-- Information --
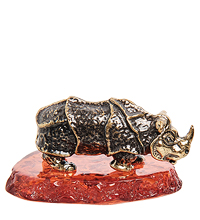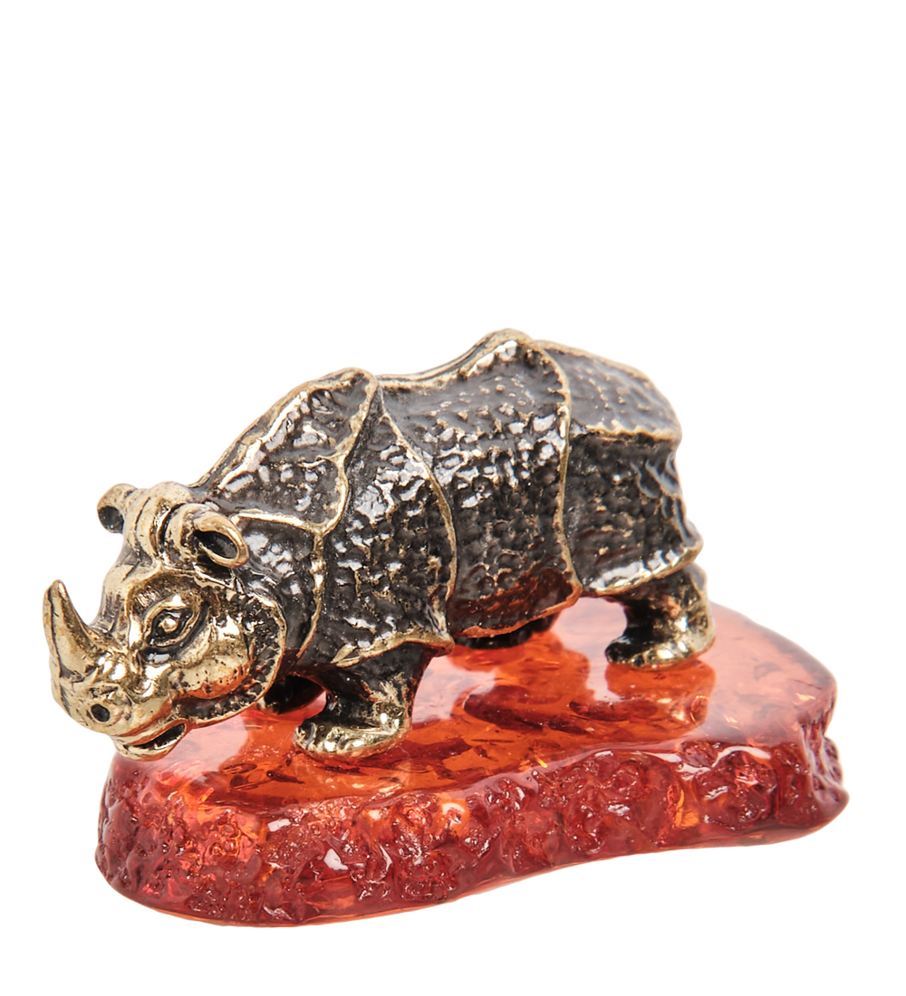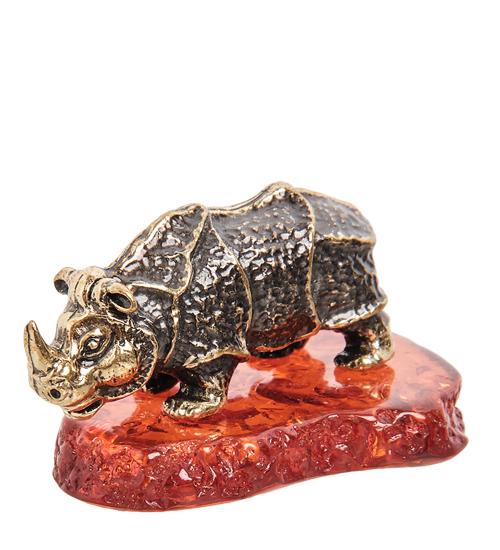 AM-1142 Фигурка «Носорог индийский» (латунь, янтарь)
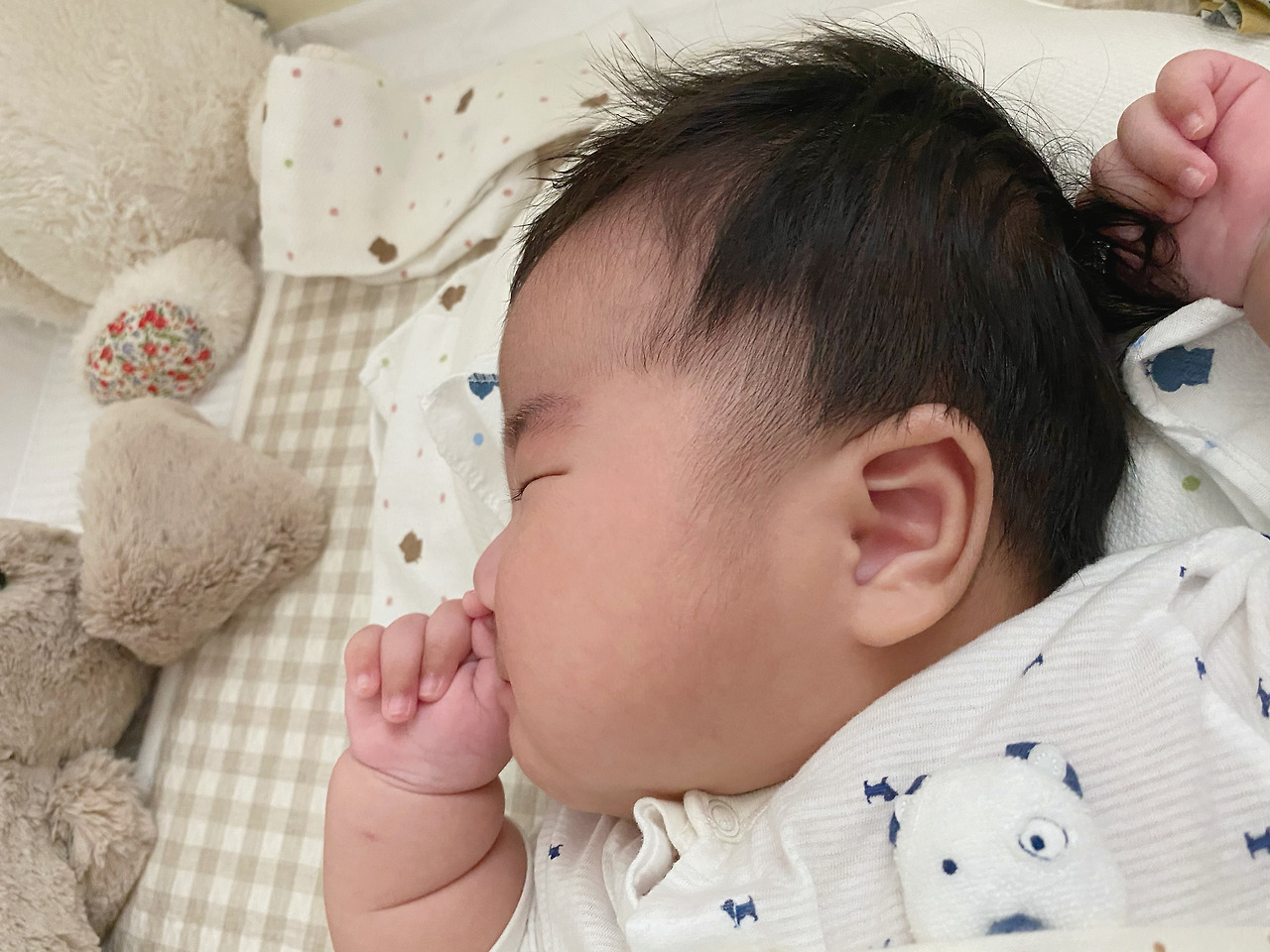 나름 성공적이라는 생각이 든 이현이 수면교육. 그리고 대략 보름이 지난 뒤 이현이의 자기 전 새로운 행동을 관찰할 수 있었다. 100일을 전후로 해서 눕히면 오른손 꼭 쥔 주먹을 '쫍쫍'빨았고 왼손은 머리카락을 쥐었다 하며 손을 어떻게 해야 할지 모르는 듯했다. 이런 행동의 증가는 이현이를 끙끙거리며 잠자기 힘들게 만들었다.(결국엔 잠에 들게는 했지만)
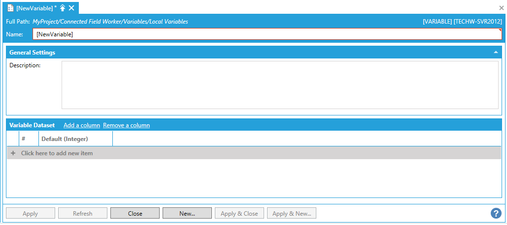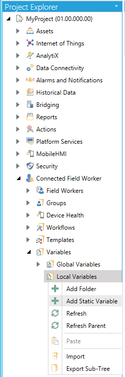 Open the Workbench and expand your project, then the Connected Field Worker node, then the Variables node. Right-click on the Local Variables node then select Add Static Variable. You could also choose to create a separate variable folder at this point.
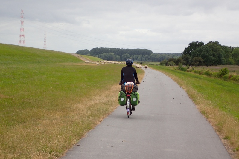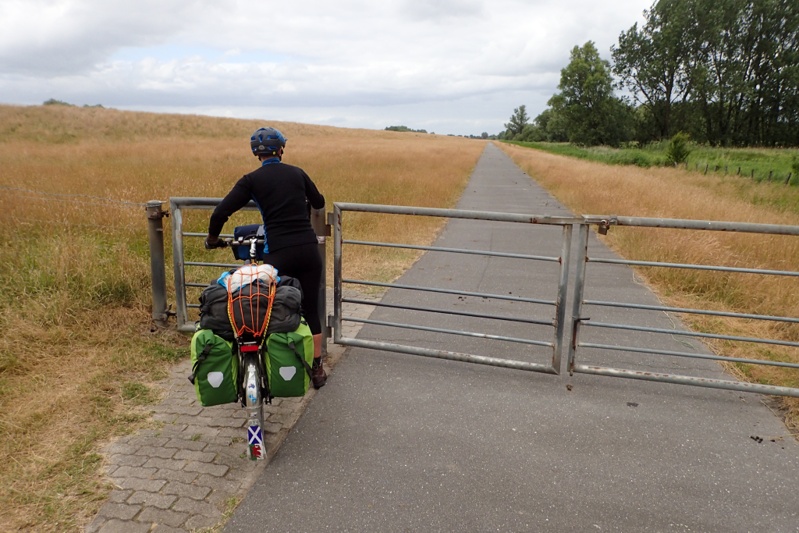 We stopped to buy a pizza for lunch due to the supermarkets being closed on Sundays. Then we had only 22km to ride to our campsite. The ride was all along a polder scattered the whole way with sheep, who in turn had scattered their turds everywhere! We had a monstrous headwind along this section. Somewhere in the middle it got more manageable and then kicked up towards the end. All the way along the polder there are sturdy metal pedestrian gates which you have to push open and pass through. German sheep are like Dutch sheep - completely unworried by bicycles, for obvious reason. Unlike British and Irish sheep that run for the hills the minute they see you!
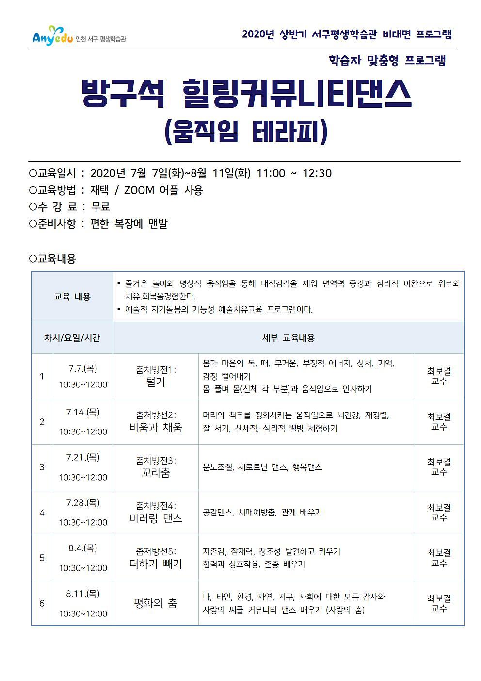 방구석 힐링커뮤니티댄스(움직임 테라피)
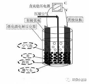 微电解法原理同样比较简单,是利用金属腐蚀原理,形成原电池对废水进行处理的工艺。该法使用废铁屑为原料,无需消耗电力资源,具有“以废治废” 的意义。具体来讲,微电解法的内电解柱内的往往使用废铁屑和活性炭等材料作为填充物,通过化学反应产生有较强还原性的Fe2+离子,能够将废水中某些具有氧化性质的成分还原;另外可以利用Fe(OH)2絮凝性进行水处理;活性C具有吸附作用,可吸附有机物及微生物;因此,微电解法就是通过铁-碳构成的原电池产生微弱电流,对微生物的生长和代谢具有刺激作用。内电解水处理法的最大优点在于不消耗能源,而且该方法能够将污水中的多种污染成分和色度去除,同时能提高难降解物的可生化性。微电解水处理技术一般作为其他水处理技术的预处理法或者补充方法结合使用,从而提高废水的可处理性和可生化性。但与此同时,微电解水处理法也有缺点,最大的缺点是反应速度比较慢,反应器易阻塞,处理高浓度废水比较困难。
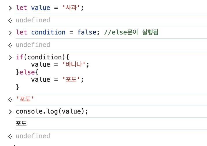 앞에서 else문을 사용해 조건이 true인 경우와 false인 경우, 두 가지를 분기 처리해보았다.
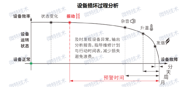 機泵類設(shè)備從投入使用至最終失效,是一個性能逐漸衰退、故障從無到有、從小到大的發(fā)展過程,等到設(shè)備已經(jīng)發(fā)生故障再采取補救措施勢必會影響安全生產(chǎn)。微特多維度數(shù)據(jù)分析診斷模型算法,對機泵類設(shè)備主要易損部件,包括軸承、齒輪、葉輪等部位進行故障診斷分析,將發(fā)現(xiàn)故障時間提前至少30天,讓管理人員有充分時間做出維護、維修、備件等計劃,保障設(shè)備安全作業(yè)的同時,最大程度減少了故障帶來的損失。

-- Exercise instructions --
From the line that contains "微电解法原理同样比较简单,是" to the end of the material above, output every line exactly, both ends included, but leave out any pictures.

-- Output --
 微电解法原理同样比较简单,是利用金属腐蚀原理,形成原电池对废水进行处理的工艺。该法使用废铁屑为原料,无需消耗电力资源,具有“以废治废” 的意义。具体来讲,微电解法的内电解柱内的往往使用废铁屑和活性炭等材料作为填充物,通过化学反应产生有较强还原性的Fe2+离子,能够将废水中某些具有氧化性质的成分还原;另外可以利用Fe(OH)2絮凝性进行水处理;活性C具有吸附作用,可吸附有机物及微生物;因此,微电解法就是通过铁-碳构成的原电池产生微弱电流,对微生物的生长和代谢具有刺激作用。内电解水处理法的最大优点在于不消耗能源,而且该方法能够将污水中的多种污染成分和色度去除,同时能提高难降解物的可生化性。微电解水处理技术一般作为其他水处理技术的预处理法或者补充方法结合使用,从而提高废水的可处理性和可生化性。但与此同时,微电解水处理法也有缺点,最大的缺点是反应速度比较慢,反应器易阻塞,处理高浓度废水比较困难。
 앞에서 else문을 사용해 조건이 true인 경우와 false인 경우, 두 가지를 분기 처리해보았다.
 機泵類設(shè)備從投入使用至最終失效,是一個性能逐漸衰退、故障從無到有、從小到大的發(fā)展過程,等到設(shè)備已經(jīng)發(fā)生故障再采取補救措施勢必會影響安全生產(chǎn)。微特多維度數(shù)據(jù)分析診斷模型算法,對機泵類設(shè)備主要易損部件,包括軸承、齒輪、葉輪等部位進行故障診斷分析,將發(fā)現(xiàn)故障時間提前至少30天,讓管理人員有充分時間做出維護、維修、備件等計劃,保障設(shè)備安全作業(yè)的同時,最大程度減少了故障帶來的損失。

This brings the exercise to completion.